School transferring know-how

Reasons for transferring out of state can be anything from a purely academic standpoint to something as simple as a form of escape to live away from home and independently.

Many are often drawn solely into the social aspects of a university, such as sporting events, a large student body, the nightlife or the close proximity to ski resorts or famous beaches. Regardless of the motives, however, transfer students can agree that the process is a long and tedious one.

Most students are aware that not everything will transfer straight across, but most do not realize right off that as a direct result of this, a first semester at a new university might be filled with classes irrelevant to their majors.

Mercedi Bellini, a sophomore from Provo, who is currently in the process of applying to colleges in New York, said, “The last class I want to take just to get into a creative writing program is an extra math or science, especially when I am paying out-of-state tuition.”

Many students end up losing up to a full semester of credits because of transferring to another school, all while paying anywhere from $15,000 to $40,000 a year for out-of-state tuition.

So why is it that neighboring states with public universities who already have a somewhat similar curriculum cannot work together to implement a more universal system of general education requirements? When approached with this question, Shane Gunn, a UVU counselor, responded, “I will tell you exactly what it is — its egocentrism and nothing more. That is why it will never happen.”

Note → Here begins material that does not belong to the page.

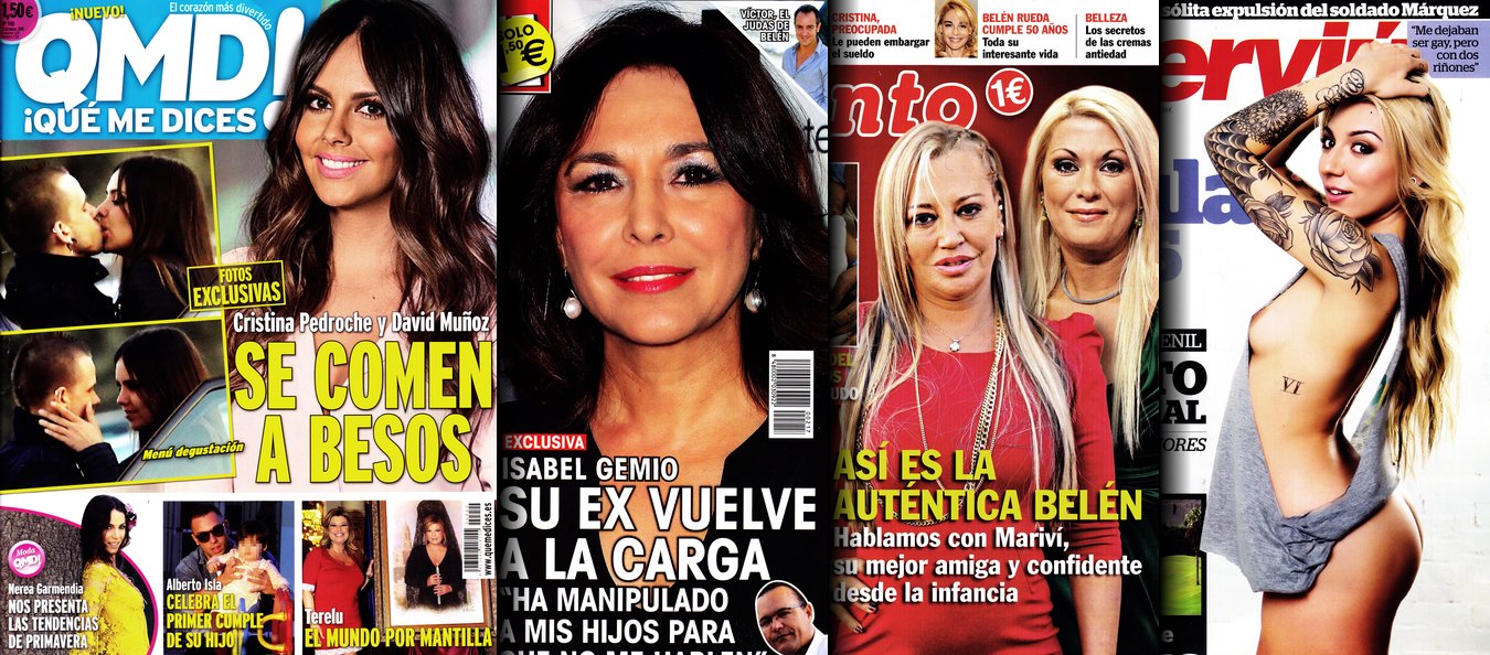 Portadas de las revistas QMD, Sálvame, Pronto e Interviú.

Each major university seems to think that it sets the standard of general requirements. The three largest campuses in the United States are Arizona State, Ohio State and the University of Texas-Austin, where student enrollment is more than 50,000. With numbers like that, it is hard to argue that they do not set the standard to some degree.

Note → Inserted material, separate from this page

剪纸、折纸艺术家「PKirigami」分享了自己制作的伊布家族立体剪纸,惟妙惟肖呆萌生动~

However, Gunn said students have much more room than some would think to negotiate just how many credits they lose in the process. For example, students have the power to prove that one class is comparable with another if it was originally not accepted by the university the student is transferring to.

This can be solved simply by faxing the class syllabus to the university with a short outline of why the student feels the class meets the requirements for the credit. The biggest deterrent, however, is finishing an associate’s degree before transferring, as many general education requirements are honored as part of the degree.

In short, transferring does not have to be hard. The right questions just need to be asked.